AFFIRMED and Opinion Filed October 17, 2023
In the Court of Appeals Fifth District of Texas at Dallas No. 05-22-00599-CR
ALIX HENRY SANDERS, Appellant V. THE STATE OF TEXAS, Appellee
On Appeal from the County Criminal Court No. 3 Dallas County, Texas Trial Court Cause No. MB17-34875
MEMORANDUM OPINION Before Justices Carlyle, Smith, and Kennedy Opinion by Justice Carlyle Alix Henry Sanders appeals from his conviction for driving while intoxicated.
We affirm in this memorandum opinion. See TEX. R. APP. P. 47.4.
Officers Brandon Bridge and Kyle Chaisson observed Mr. Sanders pull his
car over to the shoulder of southbound Loop 12 in Irving at 1:47 a.m. on September
14, 2017. According to Officer Bridge, Mr. Sanders remained on the shoulder “for
an inordinate amount of time with no hazards on.” Officer Bridge said the officers
pulled up behind the car and turned on their emergency lights so “no one smashe[d]
into the back of [the car], as intoxicated drivers often do.” As Officer Bridge approached the car, he smelled alcohol and noticed that the
driver’s window was down. Body camera footage showed Mr. Sanders asleep behind
the wheel, and Officer Bridge woke him by asking if he was alright and by knocking
on the car. Officer Bridge had to ask multiple times if Mr. Sanders was alright and
also asked if he knew where he was. Mr. Sanders did not know where he was when
he awoke, and Officer Bridge testified his “eyes were very bloodshot and glassy.”
Officer Bridge asked if Mr. Sanders had been drinking at all that night, and he
testified Mr. Sanders said, “yes,” although the response is not audible in the video.
Mr. Sanders asked if he was on 635, and Officer Bridge told him he was actually on
Loop 12. Mr. Sanders then stepped out of the car, as requested.

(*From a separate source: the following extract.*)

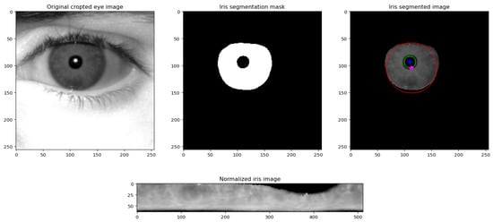 Briefly, biometric identification by iris recognition consists of using the unique pattern of the coloured and textured part of the eye (the iris) as each person’s characteristic “signature” and comparing it with those stored in a dataset to verify and authenticate the identity []. The uniqueness of the iris pattern makes this technique more robust and accurate for verification than other techniques based on different biometric characteristics. Apart from this, other relevant properties of the technique are its stability over time and its relatively easy accessibility. In addition, iris recognition techniques are also interesting in terms of cost. In iris recognition, there are no cards to replace periodically, and no RFID-blocking sleeves to prevent hacking. There is no contact with the camera, neither for registration nor for authentication, so there is no need to replace or clean them. All these features have made iris recognition technology attractive for a wide range of applications, ranging from access control to time management. The increasing adoption of multi-factor authentication services in defence, government organisations, and significantly, healthcare, is aiding the growth of the iris recognition market [].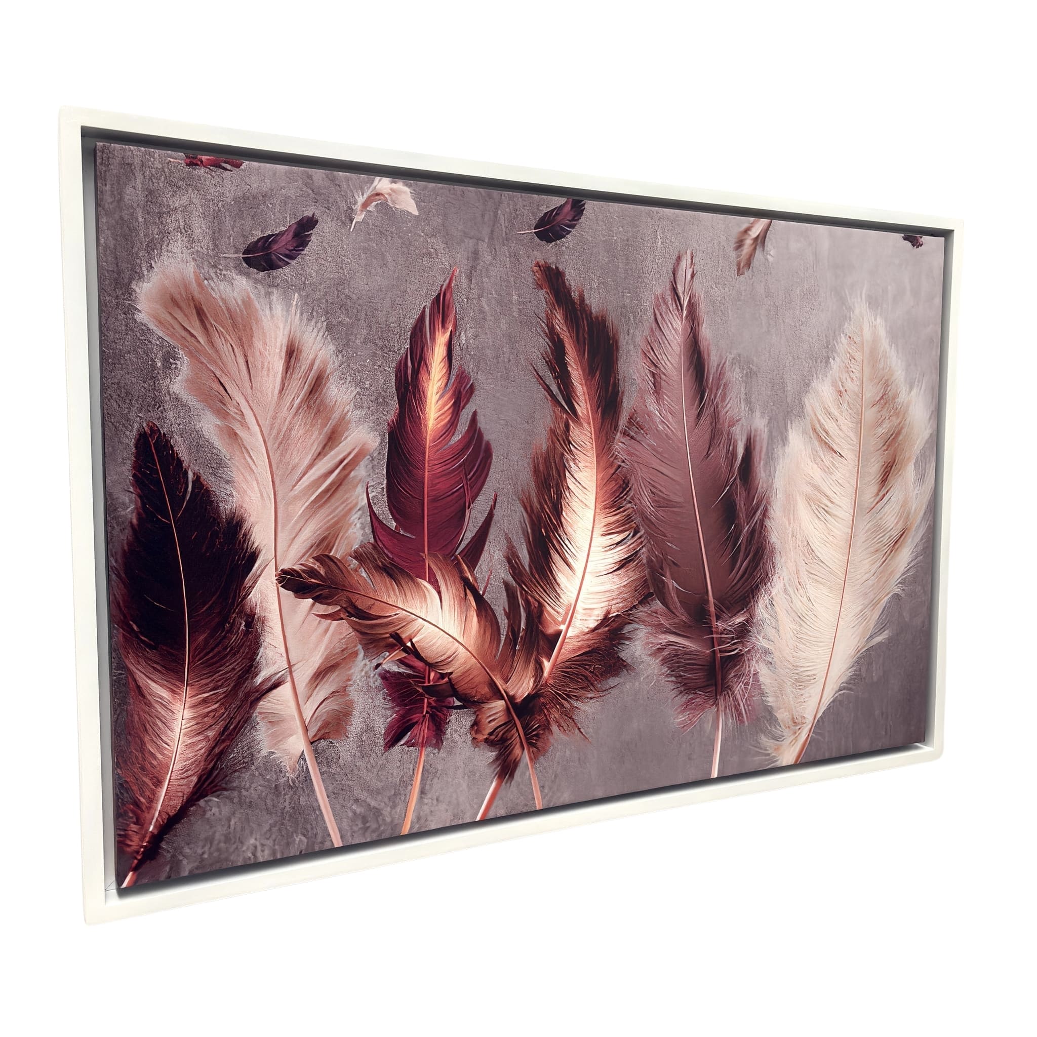 A nature-inspired print featuring colorful feathers, in a modern style with a neutral feel, set in a luxurious solid wood frame. Designed for minimalist, modern, or contemporary decor.

Once Mr. Sanders was outside the car, Officer Bridge again asked if he had
been drinking, and Mr. Sanders acknowledged he had two liquor drinks that night in
North Plano. Officer Bridge ran Mr. Sanders’s identification for warrants and then
administered standard field-sobriety tests (SFSTs), all of which Officer Bridge
testified Mr. Sanders failed. The body camera footage showed Mr. Sanders had
difficulty following Officer Bridge’s instructions, and had difficulty maintaining his
balance during the SFSTs.
Following the SFSTs, the officers asked Mr. Sanders a few more questions,
including why he was asleep on the side of the highway. Mr. Sanders replied that he
pulled over to urinate. Only a few minutes later, however, Mr. Sanders said he did
–2– not remember telling officers that he pulled over to urinate. At that point, the officers
arrested Mr. Sanders for driving while intoxicated.
Based on the evidence at trial, including testimony from Officers Bridge and
Chaisson, as well as their body camera footage, the jury convicted Mr. Sanders of
driving while intoxicated. The trial court sentenced him to 120 days’ confinement,
suspended for one year with community supervision, and fined him $200.

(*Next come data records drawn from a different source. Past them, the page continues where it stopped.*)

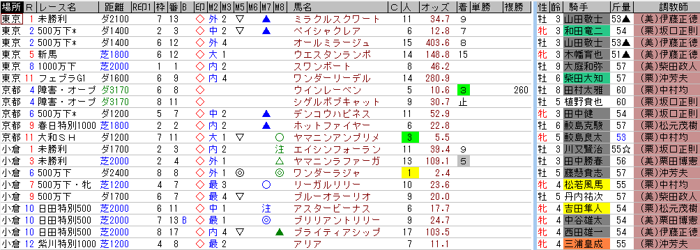 位置取りシート的にも1番手に入っている馬もいるし、後半印▲もいる。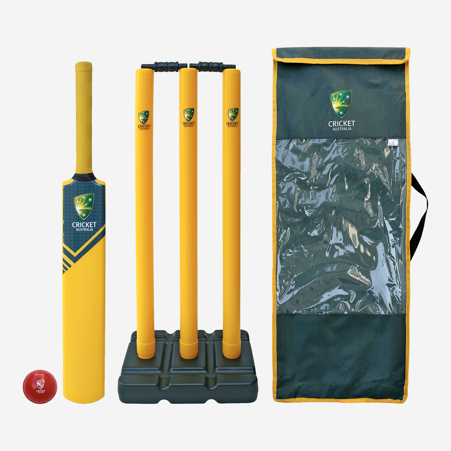Crafted from a durable plastic, this set features a bat adorned with CA branding, a set of wickets on a stand and a rubber moulded cricket ball. Set includes cricket bat, ball, stumps, bails and a compact carry bag.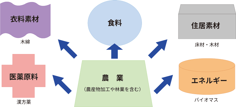 正解は 3 です。 農業は綿や絹、麻などの衣料の素材や、木材などの住居の素材、植物由来の医薬品の原料の生産、家畜の排せつ物や森林の間伐材、トウモロコシなどのバイオマス(化石燃料を除く再生可能な生物由来の資源)を利用したエネルギー生産にも関わっています。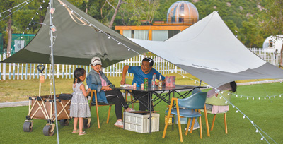 “三五好友結伴而行,喝茶賞景,好不愜意。”程曉說,“現在市場上有很多比較成熟的露營產(chan) 品可選擇,有的隻提供帳篷等設備,需要自備餐食,有的是全包,吃住遊所需都準備好了,還有些個(ge) 性化的產(chan) 品會(hui) 提供桌遊、羽毛球等休閑項目。”在體(ti) 驗過幾次露營後,程曉正打算帶上父母一起戶外郊遊。

On appeal, Mr. Sanders first argues the trial court erred by denying his motion
to suppress all evidence because the officers lacked reasonable suspicion to approach
and detain him to investigate an offense. The State counters that the officers were
serving a community-caretaking function when they approached Mr. Sanders and
thus did not need reasonable suspicion to initiate contact with him.
Police officers “have multiple responsibilities, only one of which is the
enforcement of criminal law.” Byram v. State, 510 S.W.3d 918, 920 (Tex. Crim.

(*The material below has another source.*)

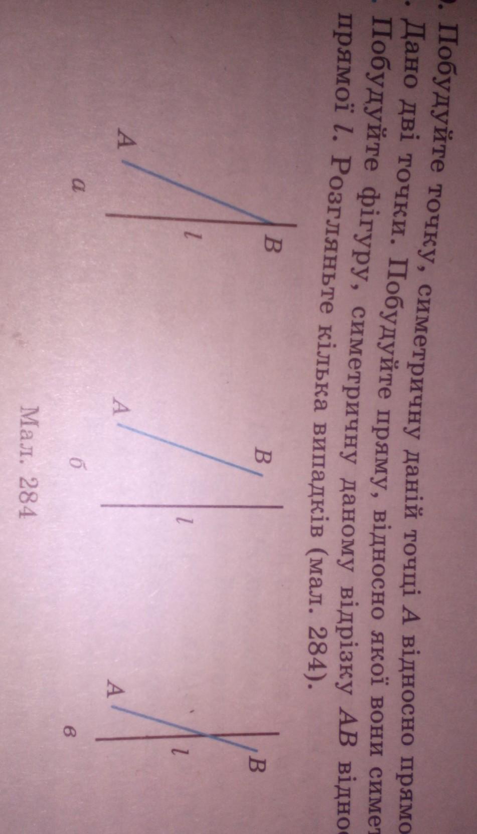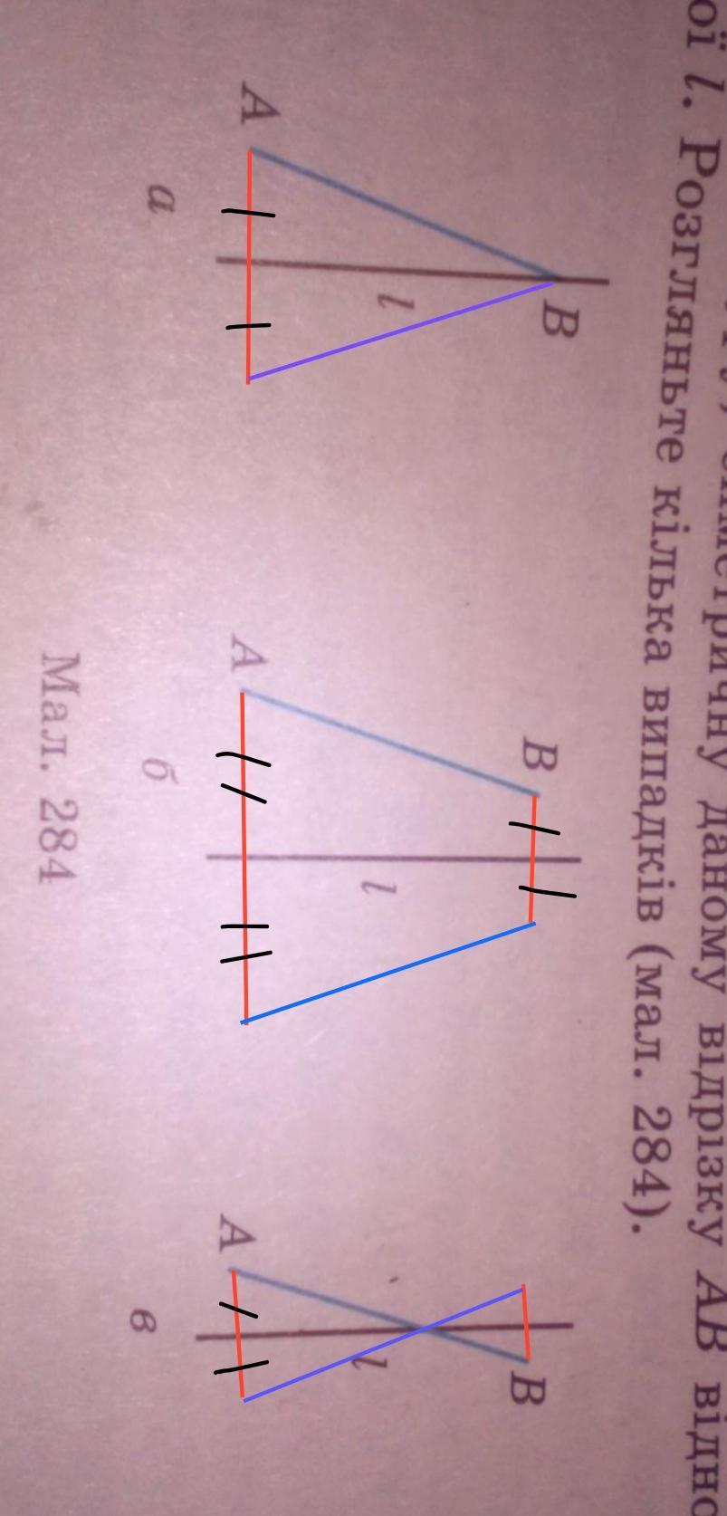 Побудуйте фігуру, семитричну даному відрізку АВ відносно даної прямої l

App. 2017) (quoting Debra Livingston, Police, Community Caretaking, and the
Fourth Amendment, 1998 U. CHI. LEGAL F. 261, 261). The law contemplates that
officers will, among other things, “aid individuals who are in danger of physical
harm,” “facilitate the movement of people and vehicles,” and “assist people who
cannot care for themselves.” Id. To that end, officers “may stop and assist an
individual whom a reasonable person—given the totality of the circumstances—
would believe is in need of help.” Id. at 922. When acting “in this community-
–3– caretaking role, they are not engaged in the often competitive enterprise of ferreting
out crime.” Id. at 920 (cleaned up).
But officers “may encounter crime while engaged in their community-
caretaking functions, and when they do, we expect them to take” appropriate action.
Id. If an officer seizes a person in the process of exercising community-caretaking
functions, the reasonableness of the “seizure sprouts from its dissociation from the
competitive enterprise of ferreting out crime.” Id. at 922. Consequently, “a police
officer may not properly invoke his community-caretaking function if he is primarily
motivated by a non-community caretaking purpose.” Id. (quoting Corbin v. State, 85
S.W.3d 272, 276–77 (Tex. Crim. App. 2002)).
Determining whether an officer properly invoked a community-caretaking
function involves a two-step inquiry: “(1) whether the officer was primarily
motivated by a community-caretaking purpose; and (2) whether the officer’s belief
that the individual needed help was reasonable.” Id. (quoting Gonzales v. State, 369
S.W.3d 851, 854–55 (Tex. Crim. App. 2012)). The initial inquiry is subjective and
presents a factual question that turns on the credibility and demeanor of the officer
testifying at the suppression hearing. Id. The second inquiry is an application-of-
law-to-fact question. Id. at 923.
When, as here, the trial court has not issued written findings of fact, we
assume “the trial court implicitly resolved all issues of historical fact and witness
credibility in the light most favorable to its ultimate ruling.” Id. at 922 (quoting State
–4– v. Saenz, 411 S.W.3d 488, 495 n.4 (Tex. Crim. App. 2013)). And [w]e give ‘almost
total deference’ to those findings of fact and credibility determinations.” Id. (quoting
State v. Mazuca, 375 S.W.3d 294, 307 (Tex. Crim. App. 2012)). We then review de
novo the trial court’s application of the law to those facts. Id.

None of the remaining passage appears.